The parents are both carriers, so their genotypes can be represented as follows:
Parent 1: Tt (carrier)
Parent 2: Tt (carrier)
Using a Punnett square, we can cross their genotypes to determine the possible combinations in their offspring:
t t
T | TT 50% | Tt 50% |
t |
------------
T | TT 50% | Tt 50% |
t |
From the Punnett square, we can determine the genotypes and phenotypes of their offspring:
- 25% of the offspring will have the genotype TT, meaning they will not be carriers of Tay-Sachs disease and will also not have protection against tuberculosis. (TT - no TB protection, no Tay-Sachs disease)
- 50% of the offspring will have the genotype Tt, meaning they will not have Tay-Sachs disease but will have protection against tuberculosis. (Tt - TB protection, no Tay-Sachs disease)

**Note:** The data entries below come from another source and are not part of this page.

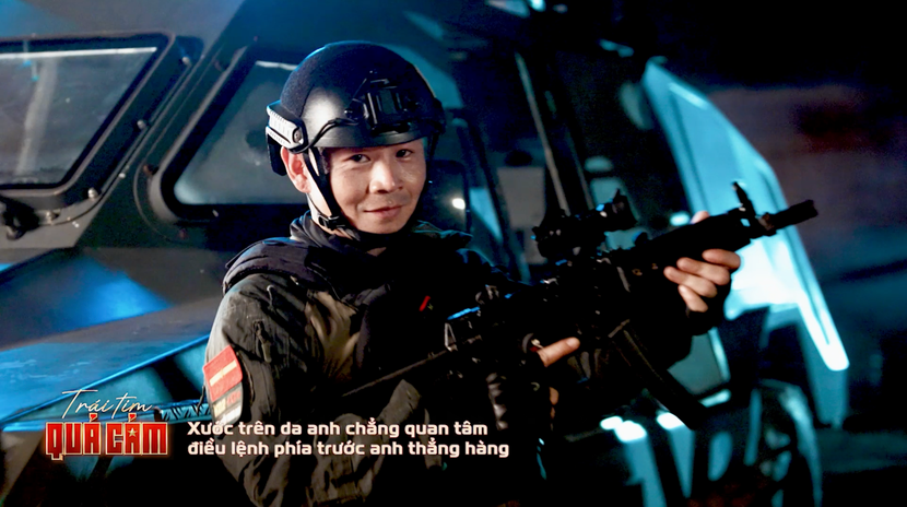 Cùng chung tinh thần ấy, Neko Lê viết nên phần rap hào hùng trong lúc đang làm nhiệm vụ đi rừng ở chặng ghi hình nhập vai lực lượng Phòng chống khủng bố. Với anh, đó không chỉ là lời rap, mà là tuyên ngôn của khí phách quả cảm: “Dẫm lên trên chông gai không quan tâm chi đôi chân anh xước. Ngược chiều cơn sóng, anh đi nhanh hơn cơn gió. Mặc kệ lửa nóng, khi dân cần là anh có. Súng trên vai luôn - sẵn sàng. Khó khăn chi anh - chẳng màng”. Những vần rap ấy như tiếng bước chân rắn rỏi của người lính giữa thời bình, bất chấp gian nguy, luôn tiến về phía trước để bảo vệ sự bình yên cho nhân dân.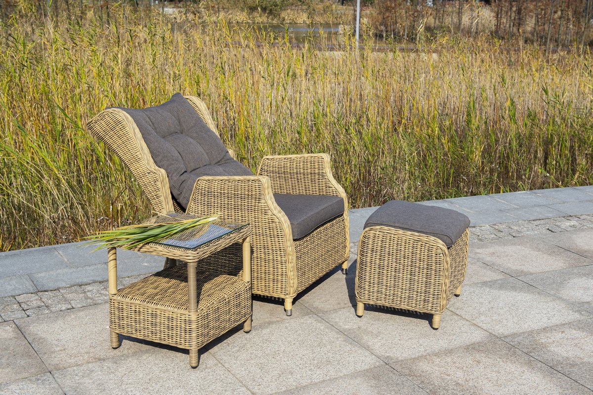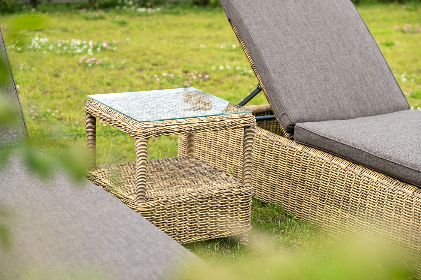 Кофейный столик «Форио» предназначен для комфортного обустройства зоны с ограниченным пространством, хорошо сочетается с шезлонгами и небольшими креслами.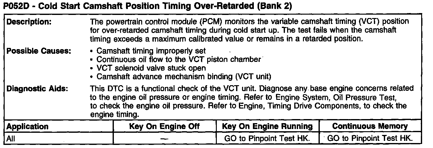 P052D - Cold Start Camshaft Position Timing Over-Retarded (Bank 2):

- 25% of the offspring will have the genotype tt, meaning they will be affected with Tay-Sachs disease. (tt - Tay-Sachs disease)
Since we're interested in the percentage of offspring with protection against tuberculosis but not Tay-Sachs disease, we add the first two percentages together:
25% + 50% = 75%
Therefore, 75% of their offspring would be predicted to have protection from tuberculosis, but not have Tay-Sachs disease.
In conclusion, if both individuals in the couple are carriers of Tay-Sachs disease, there is a 75% chance that their offspring will have protection from tuberculosis but not have Tay-Sachs disease.